Once, I had the opportunity to ask novelist Edwidge Danticat about her writing. “Whenever I read your stories, it feels like every sentence has a purpose,” I told her. “How do you do that? How do you make every sentence work?”
Danticat’s response, between giggles, was this: “You must think, Rochelle, that it comes out already birthed.”
Already birthed, meaning already figured out, powdered flesh and ten tiny toes already exquisitely formed. Meaning, that writing takes time, practice; that every writer goes through multiple drafts to figure out what it is she really wants to say and the best way to go about saying it…
I’ve been thinking a lot about writers and the deliberate choices they make. For a long time, I saw storytelling as intuitive, as something people understand or don’t. But now that I’m trying to do the Francine Prose thing and “read like a writer,” I want to understand why writers do certain things…
Which brings me to Colson Whitehead’s latest, Sag Harbor. It took me forever to read this book. (The more I like a book, the longer it takes me to read it. Keep in mind that when I worked at the literary agency, I read most novels in a couple of hours; it took me almost the entire summer to read Sag.) And, a couple of months after finishing it, Sag is one of those books that remains a mystery to me. Not too long ago, I told a friend that elements of Sag utterly enchant me: Benji’s hilarious obsession with Coca-Cola, the musical references that instantly draw me into a specific time and place.

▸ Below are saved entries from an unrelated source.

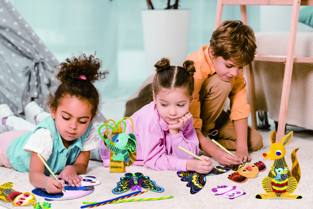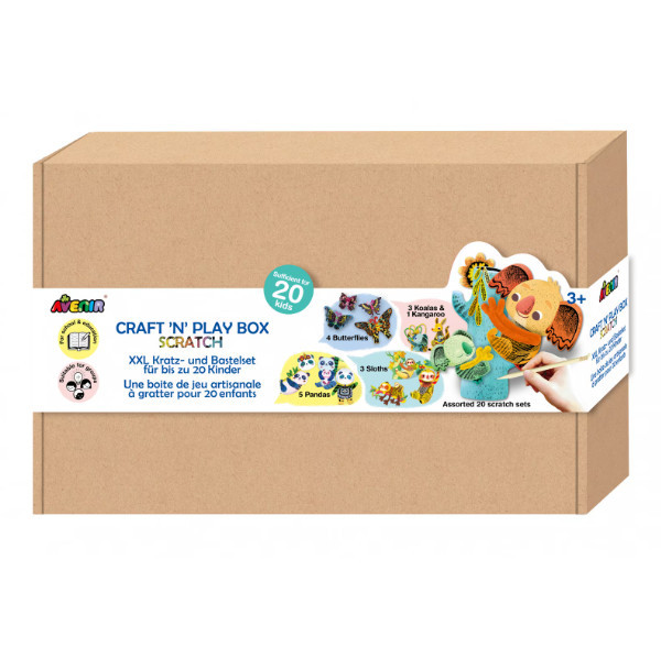 20 gyerkőc számára elegndő alapanyagot tartalmazó kreatív játékkészlet, amiben rengeteg karcolható lap, valamint zsenília rudak és karceszközök találhatók.
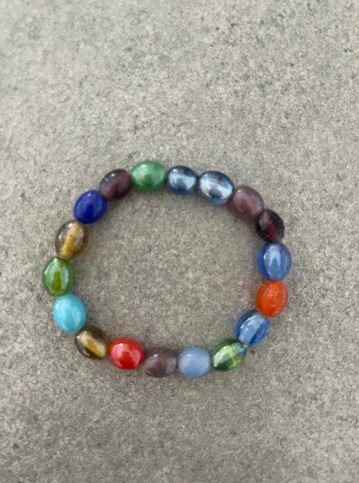 Ferskvands perler i farvede toner, stærk elastiksnor for fleksibel pasform.
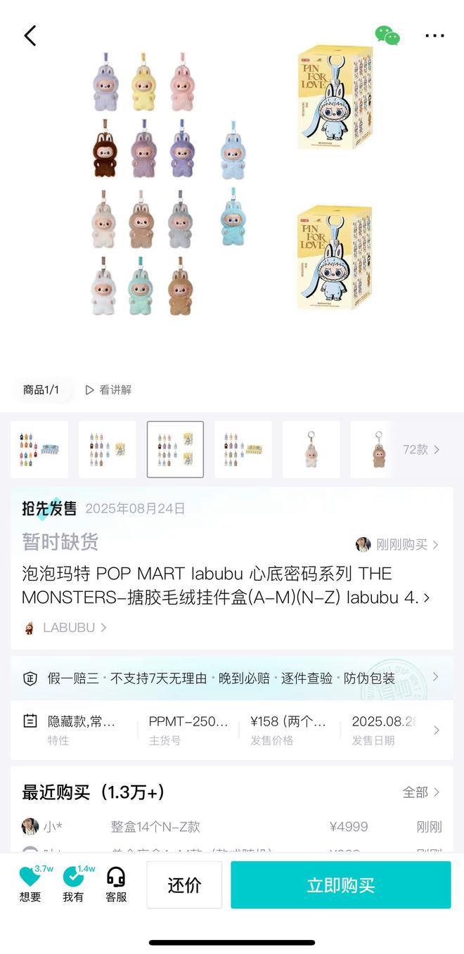 泡泡玛特迷你LABUBU发售引起关注,二手平台价格炒至3200元
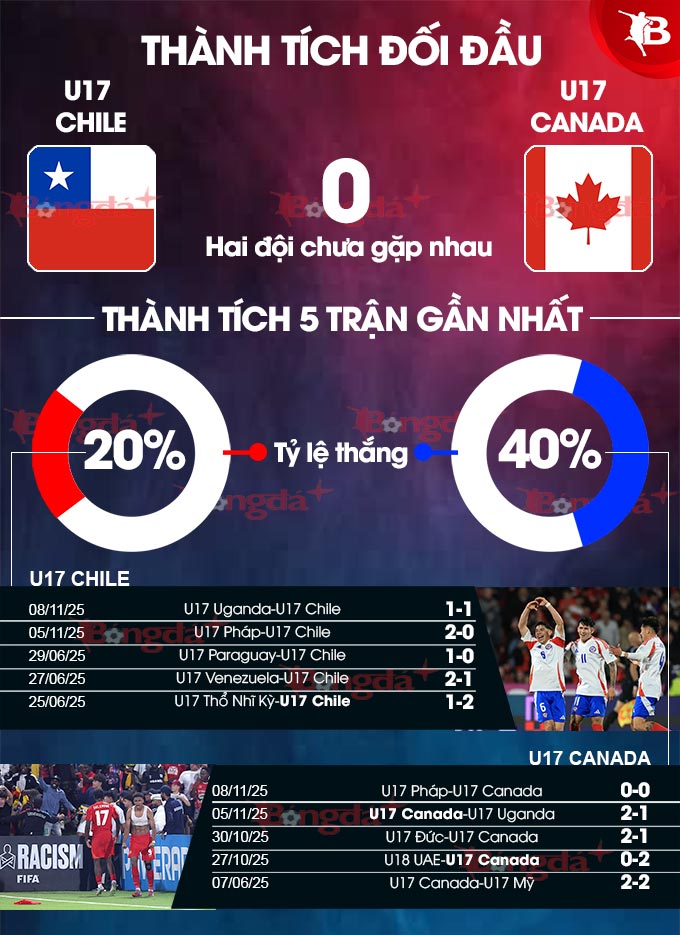 BONGDAPLUS dự đoán tỷ số U17 Chile vs U17 Canada

But there are other things about the book that confuse me, that leave me wondering if they add to the book’s achievement or if they are, in fact, flaws. For one, there’s Whitehead’s style. His saturated prose, drips pop cultural references, dazzling images. I appreciate all those shiny, sexy sentences but can’t tell if they’re overkill or not. Sometimes I felt as though I were being told a story by a very cool friend, a friend much more together and knowledgeable than I’ll ever be. And because Benji is supposed to be such a nerd, the entire time I read, I felt a weird sense of inadequacy.
The other thing, the bigger thing, has to do with the novel’s structure. The part of the book I found most intriguing–the part of the book that made me question so much about the black family, my own life–had to do with Benji’s relationship with his father. So much of the book centers on Benji’s relationship with his friends, but when I finished the novel, all I wanted to know about was his family. His family is conveniently (too conveniently???) out of the picture for most of the summer. As readers, we get only glimpses of the tangled emotional abuse that’s the driving force behind how Benji sees himself. And because of what these complicated family relationships tell us about not only Benji but our own lives, I couldn’t help but want to understand them better…
I’ve always felt that black parents tend to be stricter with our children, to offer more structure, more spankings. And I know that part of this comes out of love–for so long, a black child’s misbehavior could mean death (Emmett Till), so we had to learn to control our children, by whatever means we could. But there’s this moment in Sag—when Benji’s watches the Cosby Show and sees the kindness and unabashed love that Cliff shows for his family and longs for a different kind of life— that Whitehead raises some of the greatest questions in “post-racial” America. As black folks become more accepted in larger society, as others recognize the extent of our humanity, will that be reflected in the way we treat ourselves and those closest to us? Will we learn new ways of showing tenderness to each other, of visibly showing compassion to those we love most?
These moments with Benji’s family are so complex and interesting, so real and true, that I forget Whitehead is writing fiction. But these moments are scattered in the book, hidden under other (and to me, lesser) stories. Still, maybe Whitehead is trying to make his readers ponder, maybe he wants to leave us confused, and like Benji, longing.
So what do you think? Does the brightness of Whitehead’s prose take you away from the story? Is Whitehead right to leave some things unexplored, or do you feel as though you need something more?